I remember the years of unrelenting apathy, how desperately I desired the ability to feel anything but indifference. Love was a spell, and I didn’t believe in magic. I was reckless, falling and abusing myself at every opportunity; there wasn’t anything I wouldn’t do to see my own bloodshed. Suicidal affection—kamikaze relations.
Then it happened. It was a snowy Christmas in Ireland the day he shattered me with the revelation of his longstanding attachments. He dared me to want it, and I indulged him. It was the price I paid to feel alive—to feel human. No adhesive would salvage this break. It wasn’t clean; it wasn’t quick. It was deep, dirty, and had taken years to fester.
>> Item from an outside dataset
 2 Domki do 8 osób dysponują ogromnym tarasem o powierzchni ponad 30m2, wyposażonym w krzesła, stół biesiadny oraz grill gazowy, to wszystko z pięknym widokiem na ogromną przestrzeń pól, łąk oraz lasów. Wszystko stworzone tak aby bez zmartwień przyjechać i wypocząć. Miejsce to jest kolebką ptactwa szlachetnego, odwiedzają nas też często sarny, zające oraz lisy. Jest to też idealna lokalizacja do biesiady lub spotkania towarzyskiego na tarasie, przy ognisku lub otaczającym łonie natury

There were several stages of it, and a good few had passed before I’d realized it. I’d traded a lasting love back home for a pipe dream over 5,000 miles away. After that, I tried afresh with another overqualified candidate, and the day I broke him I still hadn’t come close to embracing how damaged I truly was.
Six months in, when I returned to the land of Guinness and rain I started to comprehend, but I failed to recognize the signs when my greatest lover and worst offender held me in his arms. Further I neglected to pick up the pieces when he left back to England. Even three months later, when he wrote me from London to end it, I was too preoccupied with losing myself under the Californian sun in the gazes and thrills of part-time lovers with perfect smiles, slow strides, and no last names.
It took a full year to fully comprehend just how deep into those woods I’d gone. Fifteen months have passed, and still I’m circling the drain on the carousel of condemned souls. With the dissolution of hope, all sense of morality and self-respect has dissipated. I am now just a broken girl who is too sad to give a fuck. I don’t want to be fixed. I don’t want to learn names. I want a boy who is so fucked up he doesn’t utter a sound.
And I want him to hate me as much as I do.